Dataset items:

<<<<

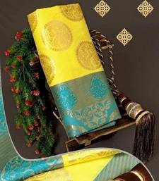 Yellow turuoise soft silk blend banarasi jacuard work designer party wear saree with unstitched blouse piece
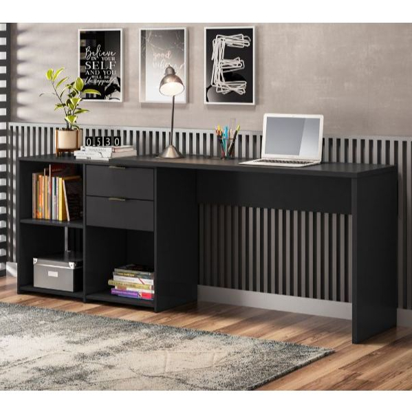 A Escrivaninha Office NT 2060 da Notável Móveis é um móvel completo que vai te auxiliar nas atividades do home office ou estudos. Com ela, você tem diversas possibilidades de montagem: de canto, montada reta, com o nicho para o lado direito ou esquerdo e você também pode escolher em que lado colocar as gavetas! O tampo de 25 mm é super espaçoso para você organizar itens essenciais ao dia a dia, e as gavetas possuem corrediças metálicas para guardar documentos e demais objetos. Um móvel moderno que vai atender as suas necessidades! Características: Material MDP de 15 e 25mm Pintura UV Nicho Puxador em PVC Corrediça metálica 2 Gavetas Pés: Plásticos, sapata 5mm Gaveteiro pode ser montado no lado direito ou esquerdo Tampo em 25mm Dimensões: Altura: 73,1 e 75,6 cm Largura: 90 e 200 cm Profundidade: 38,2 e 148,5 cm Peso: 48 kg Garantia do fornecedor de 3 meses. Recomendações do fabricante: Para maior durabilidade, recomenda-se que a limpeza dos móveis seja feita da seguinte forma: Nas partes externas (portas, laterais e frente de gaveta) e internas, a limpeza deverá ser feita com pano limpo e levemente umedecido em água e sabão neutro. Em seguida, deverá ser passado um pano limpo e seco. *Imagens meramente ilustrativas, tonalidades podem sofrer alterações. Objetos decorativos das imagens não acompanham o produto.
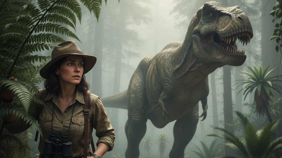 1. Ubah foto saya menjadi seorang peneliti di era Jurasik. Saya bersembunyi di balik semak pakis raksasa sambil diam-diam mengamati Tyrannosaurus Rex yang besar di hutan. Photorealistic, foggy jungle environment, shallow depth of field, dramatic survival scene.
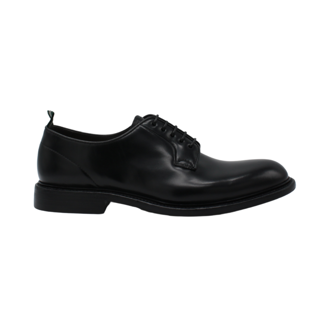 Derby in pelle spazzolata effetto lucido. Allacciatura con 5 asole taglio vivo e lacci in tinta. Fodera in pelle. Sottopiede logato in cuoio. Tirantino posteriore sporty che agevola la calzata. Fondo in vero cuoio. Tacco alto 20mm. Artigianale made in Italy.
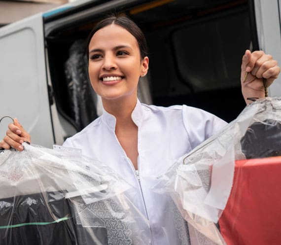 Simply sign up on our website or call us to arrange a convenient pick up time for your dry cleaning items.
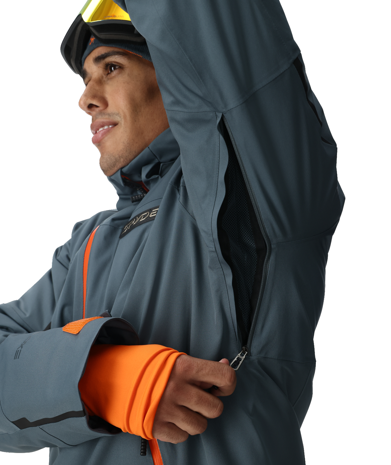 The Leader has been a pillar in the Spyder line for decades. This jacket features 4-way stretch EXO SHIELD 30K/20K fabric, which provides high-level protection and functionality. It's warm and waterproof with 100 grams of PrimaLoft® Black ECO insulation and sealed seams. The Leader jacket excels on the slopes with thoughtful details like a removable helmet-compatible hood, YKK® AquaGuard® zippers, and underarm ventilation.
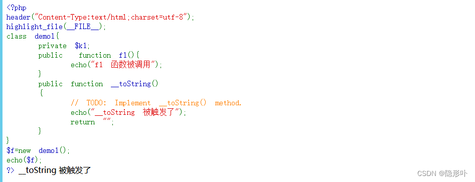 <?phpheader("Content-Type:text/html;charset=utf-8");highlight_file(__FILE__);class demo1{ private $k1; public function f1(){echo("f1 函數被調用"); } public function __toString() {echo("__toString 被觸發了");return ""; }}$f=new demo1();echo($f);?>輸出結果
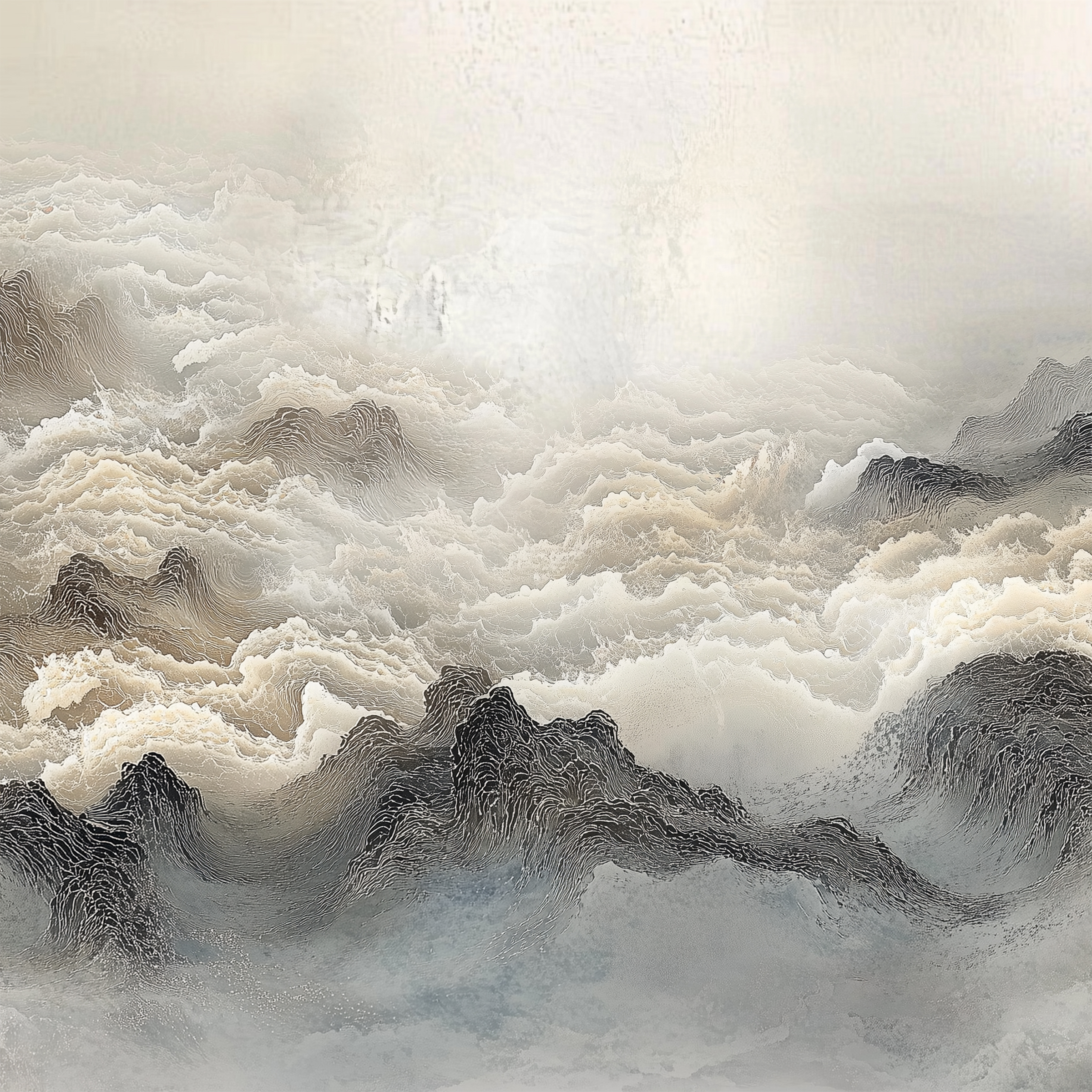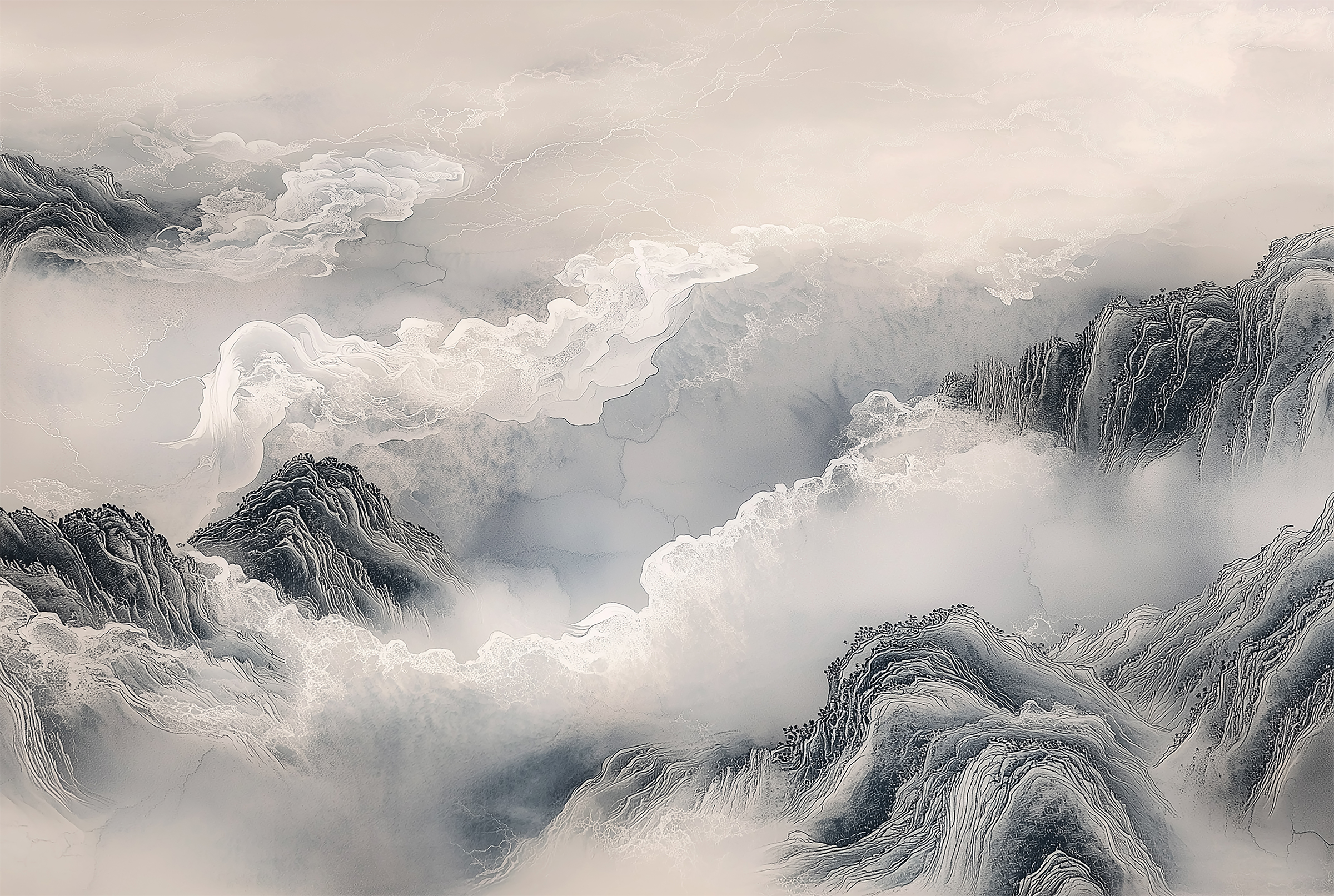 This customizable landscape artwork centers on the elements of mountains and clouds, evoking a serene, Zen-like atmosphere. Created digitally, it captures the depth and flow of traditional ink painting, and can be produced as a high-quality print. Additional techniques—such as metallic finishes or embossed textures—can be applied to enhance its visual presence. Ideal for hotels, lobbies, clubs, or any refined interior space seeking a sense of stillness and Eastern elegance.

>>>>

◆ REQUIRED WORK ◆
Please copy the records above word for word, omitting every picture.

◆ ANSWER FOR THE TASK ◆
 Yellow turuoise soft silk blend banarasi jacuard work designer party wear saree with unstitched blouse piece
 A Escrivaninha Office NT 2060 da Notável Móveis é um móvel completo que vai te auxiliar nas atividades do home office ou estudos. Com ela, você tem diversas possibilidades de montagem: de canto, montada reta, com o nicho para o lado direito ou esquerdo e você também pode escolher em que lado colocar as gavetas! O tampo de 25 mm é super espaçoso para você organizar itens essenciais ao dia a dia, e as gavetas possuem corrediças metálicas para guardar documentos e demais objetos. Um móvel moderno que vai atender as suas necessidades! Características: Material MDP de 15 e 25mm Pintura UV Nicho Puxador em PVC Corrediça metálica 2 Gavetas Pés: Plásticos, sapata 5mm Gaveteiro pode ser montado no lado direito ou esquerdo Tampo em 25mm Dimensões: Altura: 73,1 e 75,6 cm Largura: 90 e 200 cm Profundidade: 38,2 e 148,5 cm Peso: 48 kg Garantia do fornecedor de 3 meses. Recomendações do fabricante: Para maior durabilidade, recomenda-se que a limpeza dos móveis seja feita da seguinte forma: Nas partes externas (portas, laterais e frente de gaveta) e internas, a limpeza deverá ser feita com pano limpo e levemente umedecido em água e sabão neutro. Em seguida, deverá ser passado um pano limpo e seco. *Imagens meramente ilustrativas, tonalidades podem sofrer alterações. Objetos decorativos das imagens não acompanham o produto.
 1. Ubah foto saya menjadi seorang peneliti di era Jurasik. Saya bersembunyi di balik semak pakis raksasa sambil diam-diam mengamati Tyrannosaurus Rex yang besar di hutan. Photorealistic, foggy jungle environment, shallow depth of field, dramatic survival scene.
 Derby in pelle spazzolata effetto lucido. Allacciatura con 5 asole taglio vivo e lacci in tinta. Fodera in pelle. Sottopiede logato in cuoio. Tirantino posteriore sporty che agevola la calzata. Fondo in vero cuoio. Tacco alto 20mm. Artigianale made in Italy.
 Simply sign up on our website or call us to arrange a convenient pick up time for your dry cleaning items.
 The Leader has been a pillar in the Spyder line for decades. This jacket features 4-way stretch EXO SHIELD 30K/20K fabric, which provides high-level protection and functionality. It's warm and waterproof with 100 grams of PrimaLoft® Black ECO insulation and sealed seams. The Leader jacket excels on the slopes with thoughtful details like a removable helmet-compatible hood, YKK® AquaGuard® zippers, and underarm ventilation.
 <?phpheader("Content-Type:text/html;charset=utf-8");highlight_file(__FILE__);class demo1{ private $k1; public function f1(){echo("f1 函數被調用"); } public function __toString() {echo("__toString 被觸發了");return ""; }}$f=new demo1();echo($f);?>輸出結果
 This customizable landscape artwork centers on the elements of mountains and clouds, evoking a serene, Zen-like atmosphere. Created digitally, it captures the depth and flow of traditional ink painting, and can be produced as a high-quality print. Additional techniques—such as metallic finishes or embossed textures—can be applied to enhance its visual presence. Ideal for hotels, lobbies, clubs, or any refined interior space seeking a sense of stillness and Eastern elegance.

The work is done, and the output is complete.